* Re: perf-twatch.py -- python perf experimental setup
[not found] ` <20150710140511.GH19430@kernel.org>
@ 2015-07-10 14:12 ` nishtala
0 siblings, 0 replies; only message in thread
From: nishtala @ 2015-07-10 14:12 UTC (permalink / raw)

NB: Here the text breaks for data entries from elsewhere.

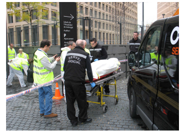
Simulacro en la Ciudad de la Justicia de Barcelona y l'Hospitalet de Llobregat
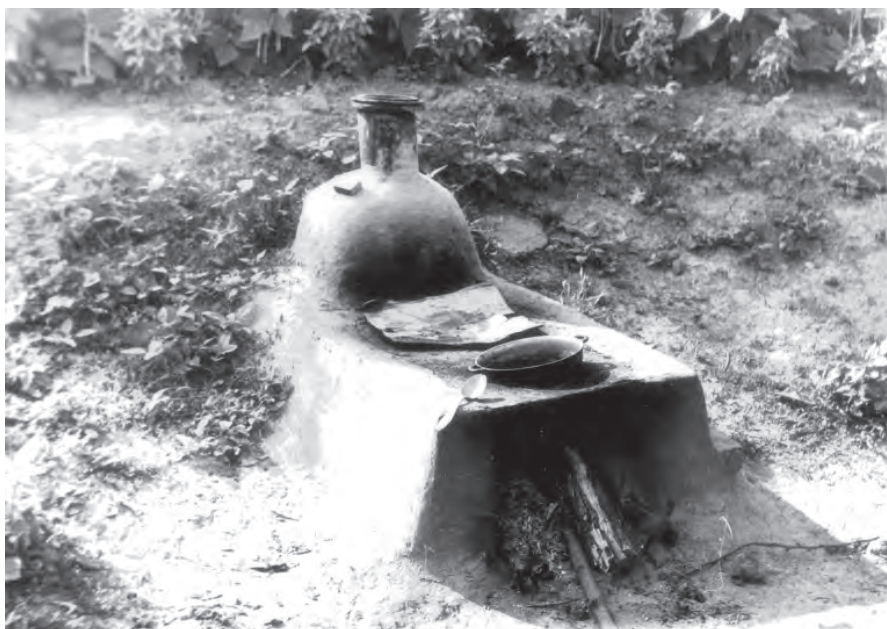
Cotlon, s. Brânza, 1983.

— 2 407 056 lei; în anul 2016 s-au realizat venituri de 2821445 lei și cheltuieli de 2 254790 lei, în 2017, respectiv, 1 881 738 lei și 1 757 520 lei. Creșa-grădiniță „Bucuria” are cinci grupe de copii. În 2015 s-au efectuat lucrări de reparație în sumă de 2 000 000 lei. Viața spirituală în comunitate este întreținută la trei edificii de cult: Biserica cu hramul Sf. Arhangheli Mihail și Gavriil , o Casă de Rugăciuni Evanghelică Baptistă și o Casă de Rugăciuni a Adventiștilor de Ziua a Șaptea. Biserica cu hramul Sf. Arhangheli Mihail și Gavriil a fost zidită din cărămidă în 1915, fiind edificată de enoriași, îndemnați de preotul Ignatie Macrițchi (a fost paroh, cu intermitențe, pe parcursul anilor 1904—1927) și starostele (epitropul) bisericii Ioan Antohi. Lăcașul sfânt are o arhitectură specifică perioadei țariste. Activitatea culturală a localității este menținută de Liceul Teoretic „Academician Ion Bostan”, Casa de Cultură, Biblioteca Publică etc. În 2013, în localul grădiniței s-a deschis Muzeul Satului „Casa Mare”. Acest spațiu al memoriei include o colecție de lucrări meșteșugărești și obiecte naționale și ale portului popular, diverse obiecte de uz casnic, adunate de la bătrânii satului. În sat mai funcționează Oficiul Poștal, stația de telefoane. În vara anului 2019, la Oficiul Medicilor de Familie lucrau un medic și șase surori medicale.
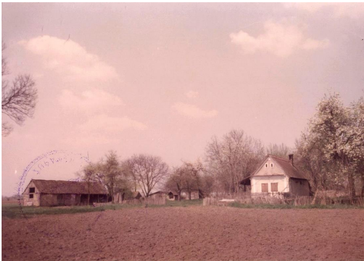
Slika 22: salaš, Gradište

To: Arnaldo Carvalho de Melo
Cc: Clark Williams, Frederic Weisbecker, Ingo Molnar, Mike Galbraith,
Paul Mackerras, Peter Zijlstra, Stephane Eranian, Tom Zanussi,
linux-perf-users
Hi Arnaldo,
On Friday 10 July 2015 04:05 PM, Arnaldo Carvalho de Melo wrote:
> Em Fri, Jul 10, 2015 at 07:45:02AM +0200, nishtala escreveu:
>> On Thursday 09 July 2015 10:58 PM, Arnaldo Carvalho de Melo wrote:
>>> Em Thu, Jul 09, 2015 at 09:20:48PM +0200, nishtala escreveu:
>>>> Hi Arnaldo,
>>>>
>>>> On 2015-07-09 18:07, Arnaldo Carvalho de Melo wrote:
>>>>> Em Thu, Jul 09, 2015 at 11:19:11AM +0200, nishtala escreveu:
>>>>>> Hi all,
>>>>>>
>>>>>> I am using the experimental perf interface which you provide in the
>>>>>> linux perf tools, specifically twatch.py
>>>>>>
>>>>>> I am trying to collect HW_CPU_CYCLES. So, I modified the twatch.py
>>>>>> in the following manner:
>>>>> Well, we can try to figure out if there is a problem in how the perf
>>>>> binding provides those COUNT_FOO constants, but you can try by removing
>>>>> that 'config = perf.COUNT_HW_CPU_CYCLES' part, as:
>>>>>
>>>>> enum perf_hw_id {
>>>>> /*
>>>>> * Common hardware events, generalized by the kernel:
>>>>> */
>>>>> PERF_COUNT_HW_CPU_CYCLES = 0,
>>>> Where exactly do you want me to change in python.c ? I do not see anything
>>>> like this.
>>> I have not asked you to change anything in python.c, I just said that
>>> HW_CPU_CYCLES is the same thing as zero, 0, and if you do not set
>>> that "config" parameter, the default value for it is zero, aka
>>> PERF_COUNT_HW_CPU_CYCLES
>>>
>>>>> And then config will default to zero, which is the value for the counter
>>>>> you want to use, right?
>>>> I was trying to collect the PMC per thread using perf, using the external
>>>> python interface.. so, the value of the counter required is not zero, but
>>>> the actual number of HW_CPU_CYCLES.
>>> The counter required is zero, which is the same thing as HW_CPU_CYCLES,
>>> do you understand now?
>> Yes, I do understand that part of it.
>>>> Am i clear?
>>>> something like this.
>>>> perf stat -p <pid> -e HW_CPU-CYCLES -I 1000 using the python interface
>>> [root@zoo ~]# perf stat -p `pidof firefox` -e HW_CPU_CYCLES -I 1000
>>> event syntax error: 'HW_CPU_CYCLES'
>>> \___ parser error
>>> Run 'perf list' for a list of valid events
>>> usage: perf stat [<options>] [<command>]
>>>
>>> -e, --event <event> event selector. use 'perf list' to list
>>> available events
>>> [root@zoo ~]#
>>>
>>> If you want PERF_COUNT_HW_CPU_CYCLES, then, as 'perf list' shows:
>>>
>>> [acme@zoo linux]$ perf list hw
>>>
>>> List of pre-defined events (to be used in -e):
>>>
>>> branch-instructions OR branches [Hardware event]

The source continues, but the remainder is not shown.